It looks like I forgot to click “publish” yesterday, so my blog post never appeared.  With apologies for doubling up, I need to complete the trilogy today.  So here goes…

Unlike All Saints Day, which, we were told, was a day of obligation, All Souls Day, today, was not.  It was kind of a leftovers day.  Ironically, it developed into Día de Muertos—the Day of the Dead—along with Halloween and All Saints.  Yes, there are many who declare, and rightly so, that Día de Muertos is something different.  It is and it isn’t.  Cultures around the world have always felt that at this point in the year something odd was going on.  The carnal summer was becoming the spiritual autumn.  Thoughts of those who’d died come back.  So it is a three-day celebration—not officially recognized in the United States (it would interfere with business, which is, as we all know, a thing not to be imagined)—has become a commercial boon.

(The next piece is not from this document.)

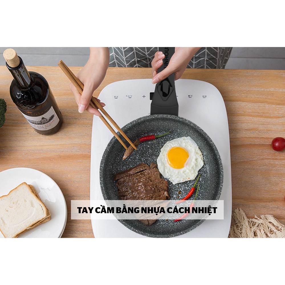 Nấu ăn nhanh hơn, tiết kiệm thời gian và nhiên liệu: Chất liệu hợp kim nhôm tráng vân đá hoa cương bắt nhiệt rất tốt, tỏa nhiệt đều giúp dễ dàng xào nấu với lượng thực phẩm vừa đủ cho gia đình từ 3-4 người.

Still, not being among the saints, I have to wonder if the leftovers—All Souls—are somehow second-class citizens in the afterlife.  Does the social stratification we experience daily here carryover to there?  The view of Heaven among the poor is generally one of comfort and equality.  Fairness, which is in very short supply down here, will finally see the end of the moral arc of the universe, to borrow from a departed sage, bend toward justice.  And sharply.  The idea is ancient and powerful.  Primates of other species don’t object to having leaders.  They do, however, reject leaders who abuse power.  And so it is that we’ve evolved beyond that.  Civilization teaches us our place.

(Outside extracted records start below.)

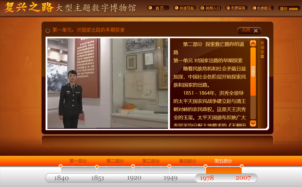 展览全景式回顾了1840年鸦片战争以来,中国各阶层人民在屈辱苦难中奋起抗争,为实现民族复兴进行的种种探索,特别是中国共产党领导全国各族人民争取民族独立人民解放、国家富强人民幸福的光辉历程,充分说明历史和人民怎样选择了马克思主义、怎样选择了中国共产党、怎样选择了社会主义道路,使中华民族以崭新姿态屹立于世界东方。展览由《中国沦为半殖民地半封建社会》、《探求救亡图存的道路》、《中国共产党肩负起民族独立人民解放历史重任》、《建设社会主义新中国》、《走中国特色社会主义道路》五大部分组成,包括图片748张、珍贵文物630件,配乐解说95分钟,电视政论片6集共270分钟,史料翔实、气势恢弘、语言深沉,观者无不欢欣鼓舞、精神振奋。
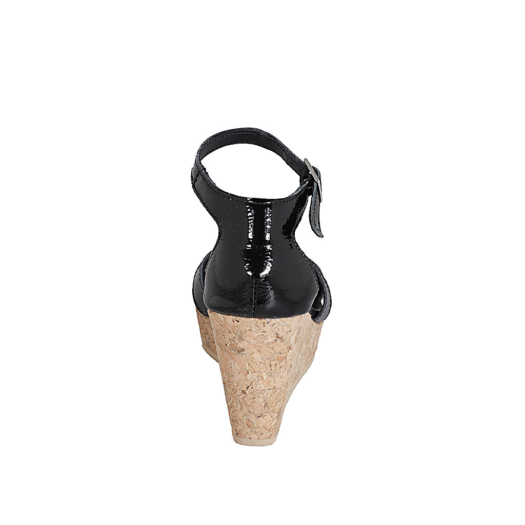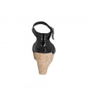 Kniehoher Damenstiefel aus schwarzem elastischem Material und Leder und Reißverschluss Absatz 6
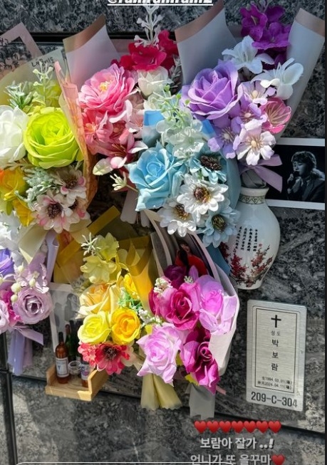 29일 자이언트 핑크는 “보람아 잘가..! 언니가 또 올꾸마”라는 글과 함께 한 장의 사진을 남겼다. 사진에는 故박보람의 추모 공간을 찾은 자이언트 핑크의 모습이 담겼다. 故박보람의 곁에는 아름다운 꽃이 가득했다.

The Day of the Dead has become commercial, along with Halloween.  Why not stretch out the profits, which, after all, come from the leftovers?  There is a capitalist vision of Heaven, you see, and it is one we see working out on earth these days.  Those with money take power and use their money to buy more power that in turn leads to more money for them.  We call it “making a living.”  Those who are wise, however, recognize something deeper in Día de Muertos.  It is the time when we welcome family home, indeed, when family becomes more important than job, or status, or power.  It is a very human, if supernatural, holiday.  All Souls, it seems, has received less than its fair share of attention.  The Day of the Dead, in its own way, warms up those leftovers.


November Novina

One of my New Testament professors was fond of saying early Christianity was exclusive so that people would want to join.  “If everybody could be a Christian,” he suggested, “why would anyone want to be?”  There is a snob appeal to such a country-club approach to religiosity (although I believe it to be false) that has somehow come to be attached to All Saints Day.  As the holiday that spawned Halloween (or so some say), All Saints seems to hold us the exclusive members of a sect that began with radical equality.  The slight was addressed in All Souls Day (tomorrow), when the rest of us might have a chance of being remembered.

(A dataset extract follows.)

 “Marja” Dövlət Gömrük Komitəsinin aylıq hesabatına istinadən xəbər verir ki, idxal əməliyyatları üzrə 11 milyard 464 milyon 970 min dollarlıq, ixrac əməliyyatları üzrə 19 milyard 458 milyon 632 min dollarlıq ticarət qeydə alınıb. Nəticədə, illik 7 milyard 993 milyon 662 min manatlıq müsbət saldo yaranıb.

There was a death in my extended family yesterday, of someone not much older than me.  I won’t reveal the personal details here, but I do ponder the coincidence of his passing so close to All Saints.  When we’re gone, we hope, people will remember our good, opposite to what Shakespeare suggested might be the case with Julius Caesar.  There are those who touch our lives for good, be it loudly or softly, and we tend to think of that good as who they were.  But sainthood?  Isn’t that a bar too high for anyone to achieve?  And if we think we’ve made it, even that very thought is enough to disqualify us.  Some sects of Christianity treat any member as a saint, but that leaves little to which to aspire.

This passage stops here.